**** Data for this exercise
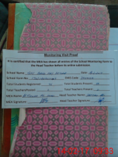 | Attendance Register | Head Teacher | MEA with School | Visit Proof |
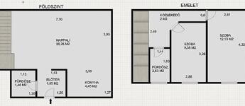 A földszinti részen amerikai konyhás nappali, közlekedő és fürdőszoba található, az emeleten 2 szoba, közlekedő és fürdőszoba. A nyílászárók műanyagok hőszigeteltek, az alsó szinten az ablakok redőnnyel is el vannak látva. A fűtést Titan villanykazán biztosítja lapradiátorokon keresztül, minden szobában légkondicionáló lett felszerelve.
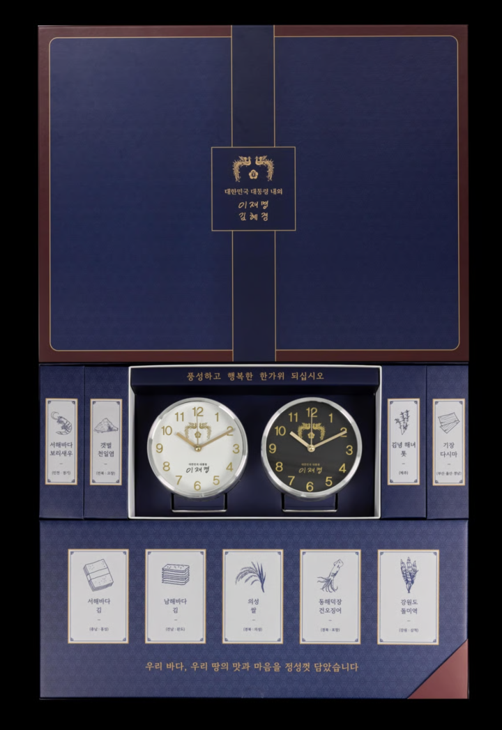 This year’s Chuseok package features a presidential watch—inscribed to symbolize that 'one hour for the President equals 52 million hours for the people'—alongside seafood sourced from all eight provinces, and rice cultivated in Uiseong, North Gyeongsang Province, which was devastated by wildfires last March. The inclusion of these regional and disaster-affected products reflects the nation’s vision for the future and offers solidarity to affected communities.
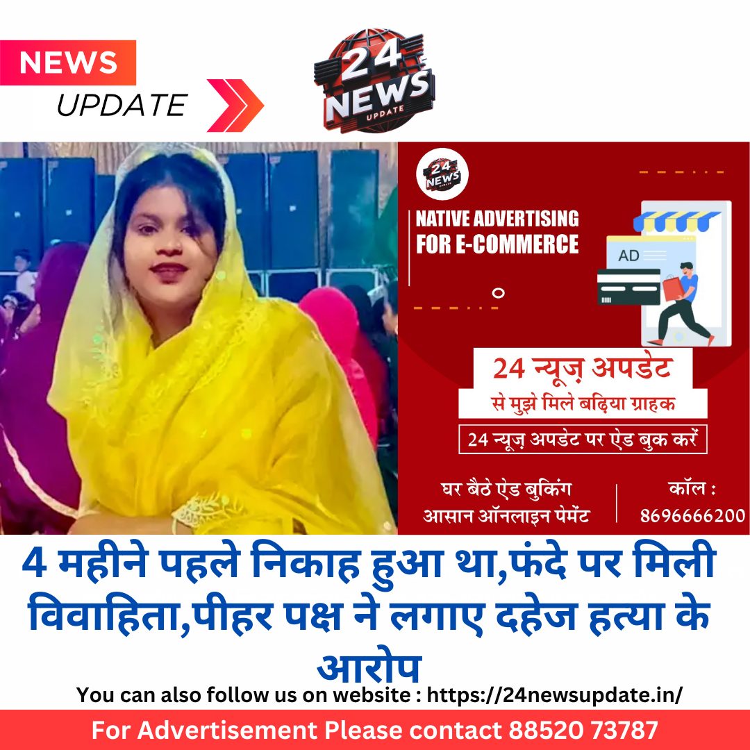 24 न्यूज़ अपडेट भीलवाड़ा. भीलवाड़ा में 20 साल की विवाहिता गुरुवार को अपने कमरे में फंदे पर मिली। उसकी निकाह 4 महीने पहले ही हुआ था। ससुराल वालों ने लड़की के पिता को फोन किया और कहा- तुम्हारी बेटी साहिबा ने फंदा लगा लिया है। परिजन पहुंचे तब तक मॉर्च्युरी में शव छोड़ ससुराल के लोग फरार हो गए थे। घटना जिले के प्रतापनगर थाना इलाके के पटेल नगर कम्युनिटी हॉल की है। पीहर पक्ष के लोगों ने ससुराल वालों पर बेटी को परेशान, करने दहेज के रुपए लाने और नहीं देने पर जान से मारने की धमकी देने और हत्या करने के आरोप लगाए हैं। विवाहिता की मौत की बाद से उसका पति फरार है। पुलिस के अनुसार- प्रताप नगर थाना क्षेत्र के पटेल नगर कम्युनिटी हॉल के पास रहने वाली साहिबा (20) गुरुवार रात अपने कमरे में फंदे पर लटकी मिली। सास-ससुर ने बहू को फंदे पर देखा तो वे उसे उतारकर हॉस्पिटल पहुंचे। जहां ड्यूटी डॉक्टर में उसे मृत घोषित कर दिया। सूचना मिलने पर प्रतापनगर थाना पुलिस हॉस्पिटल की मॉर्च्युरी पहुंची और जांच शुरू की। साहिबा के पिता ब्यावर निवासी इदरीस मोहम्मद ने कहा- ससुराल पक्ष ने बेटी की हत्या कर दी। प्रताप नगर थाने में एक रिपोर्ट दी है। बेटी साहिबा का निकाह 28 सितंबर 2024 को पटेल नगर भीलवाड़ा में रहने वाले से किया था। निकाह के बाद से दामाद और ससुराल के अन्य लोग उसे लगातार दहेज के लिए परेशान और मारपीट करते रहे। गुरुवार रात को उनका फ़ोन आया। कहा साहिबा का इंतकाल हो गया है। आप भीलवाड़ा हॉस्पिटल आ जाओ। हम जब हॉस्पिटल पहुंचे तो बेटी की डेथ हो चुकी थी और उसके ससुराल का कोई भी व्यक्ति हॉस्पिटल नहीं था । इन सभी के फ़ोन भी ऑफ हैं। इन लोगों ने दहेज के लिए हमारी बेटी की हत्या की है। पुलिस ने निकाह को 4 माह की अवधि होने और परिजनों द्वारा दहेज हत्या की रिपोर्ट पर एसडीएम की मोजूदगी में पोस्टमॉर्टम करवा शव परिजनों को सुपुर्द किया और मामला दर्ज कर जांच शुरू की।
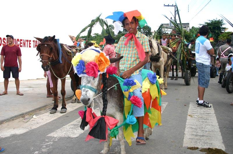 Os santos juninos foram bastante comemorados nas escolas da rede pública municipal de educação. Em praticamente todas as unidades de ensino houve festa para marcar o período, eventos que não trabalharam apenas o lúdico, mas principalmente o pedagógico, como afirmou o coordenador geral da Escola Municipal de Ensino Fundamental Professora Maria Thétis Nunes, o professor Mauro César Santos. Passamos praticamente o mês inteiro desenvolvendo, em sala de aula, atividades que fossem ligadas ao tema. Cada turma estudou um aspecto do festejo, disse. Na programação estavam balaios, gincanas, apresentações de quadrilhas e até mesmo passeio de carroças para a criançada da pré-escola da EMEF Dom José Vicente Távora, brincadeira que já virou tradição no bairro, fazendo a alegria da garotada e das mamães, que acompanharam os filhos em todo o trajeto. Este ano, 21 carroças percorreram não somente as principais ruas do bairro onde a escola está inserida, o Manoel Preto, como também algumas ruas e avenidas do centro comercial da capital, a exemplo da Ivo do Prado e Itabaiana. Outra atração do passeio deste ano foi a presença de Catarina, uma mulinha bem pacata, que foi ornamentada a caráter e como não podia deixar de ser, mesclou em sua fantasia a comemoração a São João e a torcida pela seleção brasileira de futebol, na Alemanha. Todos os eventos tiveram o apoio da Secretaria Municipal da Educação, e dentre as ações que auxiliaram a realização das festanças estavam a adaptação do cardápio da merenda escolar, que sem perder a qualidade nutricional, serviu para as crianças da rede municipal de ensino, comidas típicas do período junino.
********
* To do:
I'd like the material above repeated exactly, with the pictures omitted.

* Answer below:
 | Attendance Register | Head Teacher | MEA with School | Visit Proof |
 A földszinti részen amerikai konyhás nappali, közlekedő és fürdőszoba található, az emeleten 2 szoba, közlekedő és fürdőszoba. A nyílászárók műanyagok hőszigeteltek, az alsó szinten az ablakok redőnnyel is el vannak látva. A fűtést Titan villanykazán biztosítja lapradiátorokon keresztül, minden szobában légkondicionáló lett felszerelve.
 This year’s Chuseok package features a presidential watch—inscribed to symbolize that 'one hour for the President equals 52 million hours for the people'—alongside seafood sourced from all eight provinces, and rice cultivated in Uiseong, North Gyeongsang Province, which was devastated by wildfires last March. The inclusion of these regional and disaster-affected products reflects the nation’s vision for the future and offers solidarity to affected communities.
 24 न्यूज़ अपडेट भीलवाड़ा. भीलवाड़ा में 20 साल की विवाहिता गुरुवार को अपने कमरे में फंदे पर मिली। उसकी निकाह 4 महीने पहले ही हुआ था। ससुराल वालों ने लड़की के पिता को फोन किया और कहा- तुम्हारी बेटी साहिबा ने फंदा लगा लिया है। परिजन पहुंचे तब तक मॉर्च्युरी में शव छोड़ ससुराल के लोग फरार हो गए थे। घटना जिले के प्रतापनगर थाना इलाके के पटेल नगर कम्युनिटी हॉल की है। पीहर पक्ष के लोगों ने ससुराल वालों पर बेटी को परेशान, करने दहेज के रुपए लाने और नहीं देने पर जान से मारने की धमकी देने और हत्या करने के आरोप लगाए हैं। विवाहिता की मौत की बाद से उसका पति फरार है। पुलिस के अनुसार- प्रताप नगर थाना क्षेत्र के पटेल नगर कम्युनिटी हॉल के पास रहने वाली साहिबा (20) गुरुवार रात अपने कमरे में फंदे पर लटकी मिली। सास-ससुर ने बहू को फंदे पर देखा तो वे उसे उतारकर हॉस्पिटल पहुंचे। जहां ड्यूटी डॉक्टर में उसे मृत घोषित कर दिया। सूचना मिलने पर प्रतापनगर थाना पुलिस हॉस्पिटल की मॉर्च्युरी पहुंची और जांच शुरू की। साहिबा के पिता ब्यावर निवासी इदरीस मोहम्मद ने कहा- ससुराल पक्ष ने बेटी की हत्या कर दी। प्रताप नगर थाने में एक रिपोर्ट दी है। बेटी साहिबा का निकाह 28 सितंबर 2024 को पटेल नगर भीलवाड़ा में रहने वाले से किया था। निकाह के बाद से दामाद और ससुराल के अन्य लोग उसे लगातार दहेज के लिए परेशान और मारपीट करते रहे। गुरुवार रात को उनका फ़ोन आया। कहा साहिबा का इंतकाल हो गया है। आप भीलवाड़ा हॉस्पिटल आ जाओ। हम जब हॉस्पिटल पहुंचे तो बेटी की डेथ हो चुकी थी और उसके ससुराल का कोई भी व्यक्ति हॉस्पिटल नहीं था । इन सभी के फ़ोन भी ऑफ हैं। इन लोगों ने दहेज के लिए हमारी बेटी की हत्या की है। पुलिस ने निकाह को 4 माह की अवधि होने और परिजनों द्वारा दहेज हत्या की रिपोर्ट पर एसडीएम की मोजूदगी में पोस्टमॉर्टम करवा शव परिजनों को सुपुर्द किया और मामला दर्ज कर जांच शुरू की।
 Os santos juninos foram bastante comemorados nas escolas da rede pública municipal de educação. Em praticamente todas as unidades de ensino houve festa para marcar o período, eventos que não trabalharam apenas o lúdico, mas principalmente o pedagógico, como afirmou o coordenador geral da Escola Municipal de Ensino Fundamental Professora Maria Thétis Nunes, o professor Mauro César Santos. Passamos praticamente o mês inteiro desenvolvendo, em sala de aula, atividades que fossem ligadas ao tema. Cada turma estudou um aspecto do festejo, disse. Na programação estavam balaios, gincanas, apresentações de quadrilhas e até mesmo passeio de carroças para a criançada da pré-escola da EMEF Dom José Vicente Távora, brincadeira que já virou tradição no bairro, fazendo a alegria da garotada e das mamães, que acompanharam os filhos em todo o trajeto. Este ano, 21 carroças percorreram não somente as principais ruas do bairro onde a escola está inserida, o Manoel Preto, como também algumas ruas e avenidas do centro comercial da capital, a exemplo da Ivo do Prado e Itabaiana. Outra atração do passeio deste ano foi a presença de Catarina, uma mulinha bem pacata, que foi ornamentada a caráter e como não podia deixar de ser, mesclou em sua fantasia a comemoração a São João e a torcida pela seleção brasileira de futebol, na Alemanha. Todos os eventos tiveram o apoio da Secretaria Municipal da Educação, e dentre as ações que auxiliaram a realização das festanças estavam a adaptação do cardápio da merenda escolar, que sem perder a qualidade nutricional, serviu para as crianças da rede municipal de ensino, comidas típicas do período junino.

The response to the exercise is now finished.